Ndindiliyimana was accused and acquitted by the ICTR of conspiring with other high-level FAR officers to plan the logistics of the Rwandan genocide. He was also accused and acquitted of the charge that in early April 1994, he informed interahamwe leaders of a plan by UNAMIR force commander Roméo Dallaire to search for a cache of weapons, a cache which never existed.

Following the death of President Habyarimana, Ndindiliyimana was one of the senior FAR officers to serve on the Crisis Committee, along with Théoneste Bagosora and Tharcisse Renzaho. which committee lasted only two days. The judges of the ICTR found that his role on the Committee was a positive one and that he always tried to achieve a peaceful resolution of the conflict.

Ndindiliyimana is mentioned frequently in Roméo Dallaire's chronicle of his time as UNAMIR force commander. Dallaire writes that he "had always found his [Ndindiliyimana's] loyalties an enigma" and initially assumed he represented a moderate voice in the crisis committee which was correct. Dallaire admitted at the trial that the reason he called Ndindiliyimana an enigma was because he expected Ndindilyimana to mount a coup against the government but the coup never took place as Dallaire had expected. General Dallaire testified on his behalf at his trial and stated that Ndindiliyimana was essentially stripped of his command as of April 7, 1994 and that he worked with Dallaire throughout the war to try to stop killings and to protect civilians.

In his autobiography, Paul Rusesabagina says that Ndindiliyimana was more of a moderate who did not seem to entirely approve of the genocide. He also notes that Ndindiliyimana was responsible for dismantling a potentially disastrous roadblock in front of the Hôtel des Mille Collines. In fact, the evidence in the Military II trial was that Ndindiliyimana's gendarmes initially protected Tutsis at the Hotel Milles Collines assisted later, at Ndindiliyimana's request, by UNAMIR units. Dr. Alison Desforges testified at his trial in November 2006 that Ndindiliyimana was opposed to genocide, and acted to stop killings and was himself threatened because he had Tutsi officers and men in his close protection escort. The transcripts of these testimonies are available from his counsel, Christopher Black of Toronto, Canada and the ICTR.

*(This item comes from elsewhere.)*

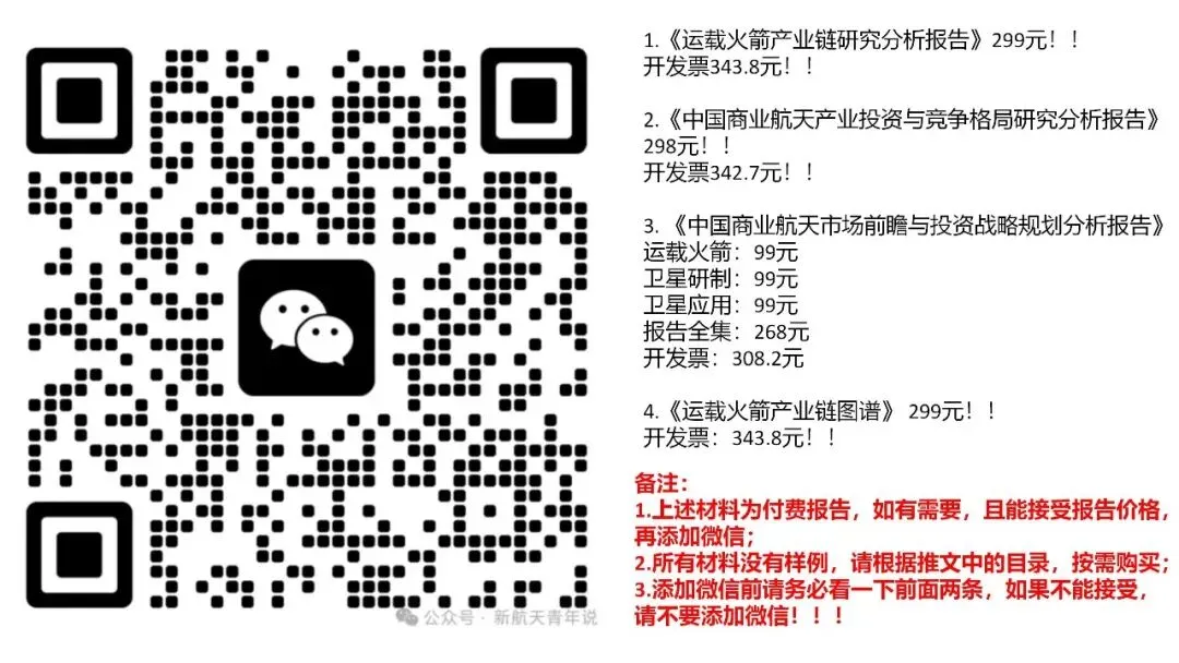 如果需要获取本报告,可扫描下方二维码购买,备注:《中国商业航天产业投资与竞争格局研究分析报告》。

== Arrest and acquittal ==

On January 28, 2000 the ICTR issued an indictment against Ndindiliyimana along with three other Rwandan military officers, Augustin Bizimungu, François-Xavier Nzuwonemeye, and Innocent Sagahutu, charging Ndindiliyimana with conspiracy to commit genocide, genocide or alternatively complicity in genocide, assassination as a crime against humanity, murder as a crime against humanity, extermination as a crime against humanity, persecution on political, racial or religious grounds as a crime against humanity, "other inhumane acts as a crime against humanity" and various war crimes. In their indictment prosecutors alleged that Ndindiliyimana played a central role in drawing up a blueprint to exterminate the Tutsi population as well as political opponents of the Hutu government along with ordering specific massacres and crimes against humanity upon the Tutsi population. Alongside those allegations, they alleged that Ndindiliyimana was complicit in the assassination of Rwandan Prime Minister Agathe Uwilingiyimana by allegedly having been aware that the Belgian and Ghanaian soldiers protecting her were being beaten and then executed by Rwandan soldiers but to having done nothing to stop it.

Following the indictment he was arrested in Belgium on January 29, 2000 and handed over to the custody of the ICTR in Arusha, Tanzania. He was defended by Canadian lawyer Christopher Black.

On February 11, 2014 he was acquitted of all other charges of committing genocide, crimes against humanity, and war crimes though the judges of the Appeal Chamber later found that it was very doubtful that gendarmes were ever involved at Kansi Parish. The ICTR trial judgment recognised Ndindiliyimana's “consistent support for the Arusha Accords and a peaceful resolution of the conflict between the Rwandan government forces and the Rwandan Patriotic Front (RPF) his opposition to the massacres in Rwanda. and the fact that he had saved the lives of many Tutsis. The Tribunal also held that his arrest and indictment appeared to be politically motivated. He was sentenced to time served since his arrest eleven years prior to the judgment. The ICTR ordered his release but Ndindiliyimana was unable to return to his home in Belgium and was forced to stay in a UN safe house in Arusha, Tanzania. In late September, 2014 the Belgian government permitted his return to Belgium to rejoin his family after almost 15 years in detention in Tanzania.